The third component is the same user’s self-rated emotion responses on a scale of 1-5 after they have been asked to tag all of the faces to see if playing the ‘game’ has had any impact on emotion:

And finally there is a series of time stamps indicating the time that the user submits each task, designed to see if there is variation in response time depending on the emotional responses.

Preprocessing

Before any quantitative analysis, data processing will be applied to calculate some additional features:

(1) For each face tagged (there are 56), we will compare them to the already-tagged Cohn-Kanade database from whence they come (Lucey et al., 2010) to see if the user was “correct”. This will generate 56 new features explaining, for each face, we know whether they correctly identified the dominant emotion.

(2) For each emotion (there are 5) and each “non” emotion (there are 2) we will tally the total number of responses correct and incorrect, as well as the overall total correct and incorrect. This will generate 16 new features.

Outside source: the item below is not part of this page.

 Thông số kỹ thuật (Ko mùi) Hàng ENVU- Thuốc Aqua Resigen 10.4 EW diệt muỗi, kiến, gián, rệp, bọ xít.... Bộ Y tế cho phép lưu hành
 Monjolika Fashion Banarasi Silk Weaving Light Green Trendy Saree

(3) For each time stamp, we will calculate the completion time (in seconds) it took each participant to complete the step as well as the total time to completion. This will generate 10 new features.

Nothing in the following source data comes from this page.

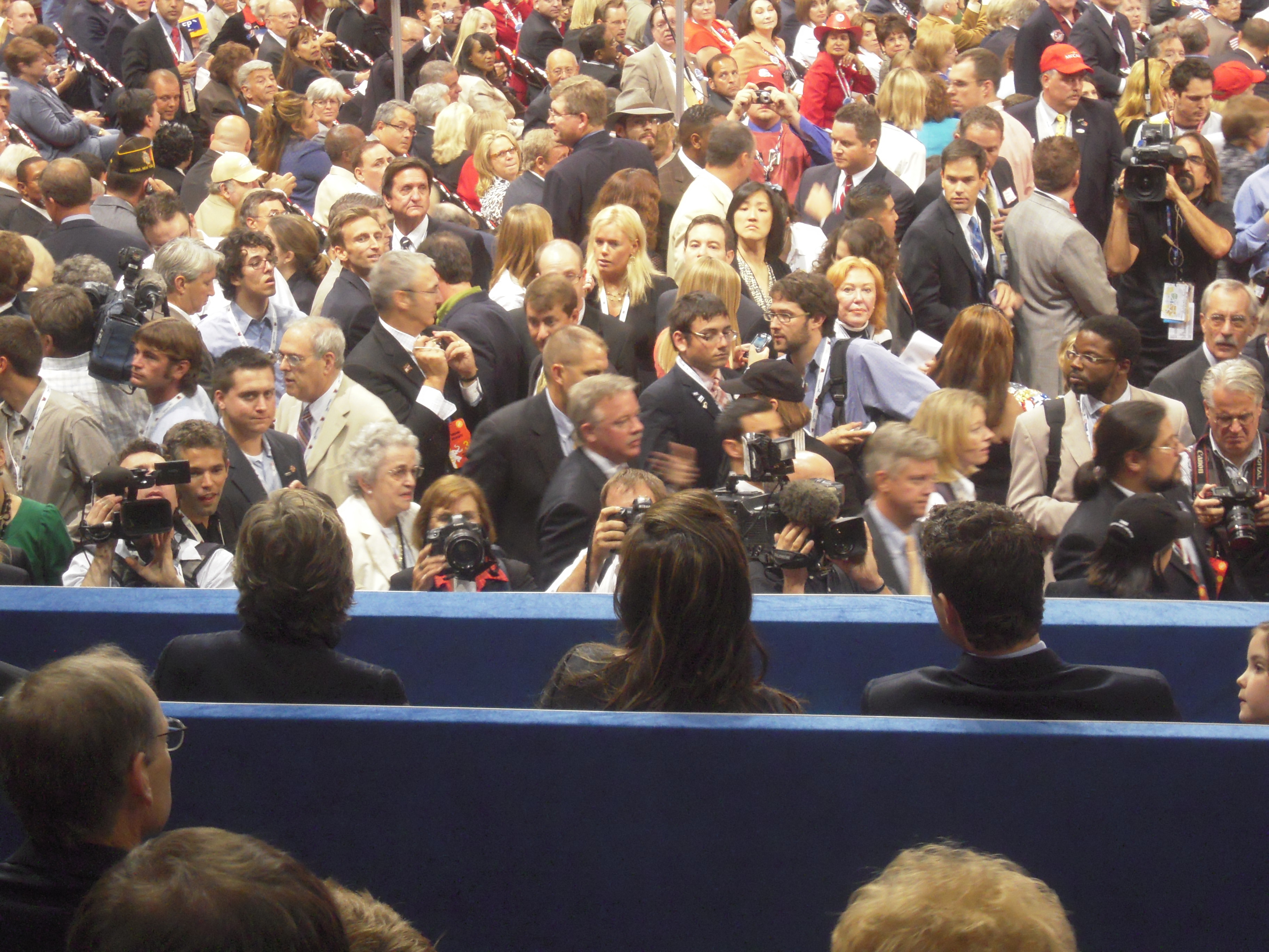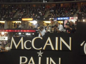 A riser (top-left) focuses their attention and telephoto lenses on Palin’s family. At the time, the Governor of Hawaii was speaking on stage making introductory remarks about Sarah Palin. Nobody seemed to notice.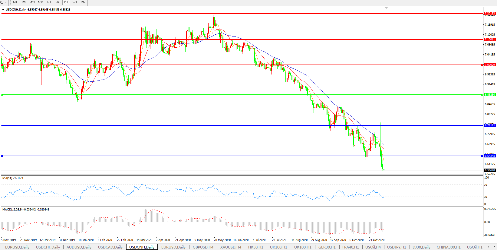 美元兑人民币USDCNH 日线图: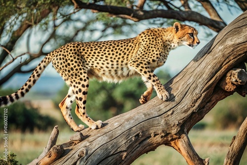 Cheetah gracefully descends a twisted tree in the savannah, showcasing agility and wild beauty

(4) Each participant will also be placed in an age group: (18 to 24), (25 to 44), (45 to 64), (65 and over) based on those collected by the US Census Beaureau.

(5) For each participant, we will create 5 new binary features, each representing a positive or negative flag for feeling each emotion. For example, if a participant responds 1-2 (low) on the ‘sad’ scale, they will be considered “not sad”. If they respond 3-5 (mid-high) on the ‘sad’ scale, they will be considered “sad”.

Our dataset will now have a total of 225 columns. 26 of those features are of interest for statistical analysis (those generated in (2) and (3)) and the remainder will be treated as explanatory variables or preserved for exploratory hypotheses.

Qualitative Analysis

Before any quantitative statistical analysis is performed, a qualitative assessment of the data will be conducted. Histograms will be generated for age group, gender, the native English speaker flag to look for any anomalies or outliers in the distributions that should be removed prior to formal analysis. The way the application is designed should not allow for any missing data. Rows with empty cells or empty responses will be removed before statistical analysis as they indicate a system error or abandonment of the questionnaire and preliminary data collection suggests that such cases should be sparse (<5%).

The distributions of the features calculated in preprocessing will be checked for normalcy to assess the appropriate statistical test method for comparing between-group responses.

An exploratory data analysis will be conducted to produce summary visualizations of the responses. Visualizations that explain the average number of correct/incorrect responses and average response times by age group, gender, English speakers, and emotional baseline will be created to tell a data story and present the results in summary. The visualizations will also aid in identifying any outliers or particularly interesting patterns.

Quantitative Analysis

The Spearman and Pearson partial correlations and their statistical significance will be calculated between the participants’ emotional responses (i.e. Happiness level) and the number of correct/incorrect responses to each emotion and correct/incorrect responses overall. We will calculate these over all ages and genders, as well as within gender and age groups.

A student’s t-test will be conducted to test for statistically significant differences in the number of correct/incorrect responses to ALL emotions for each emotion group (i.e. do the number of correct “happy” responses differ between the “happy” and “not happy” groups?).

A one-way Analysis of Covariance (ANCOVA) test will also be conducted to compare the dependent variable (number of correct responses to each emotion) between emotion groups (i.e. “happy” vs. “not happy”) while including (1) age, (2) gender, and (3) native English speaker as covariates.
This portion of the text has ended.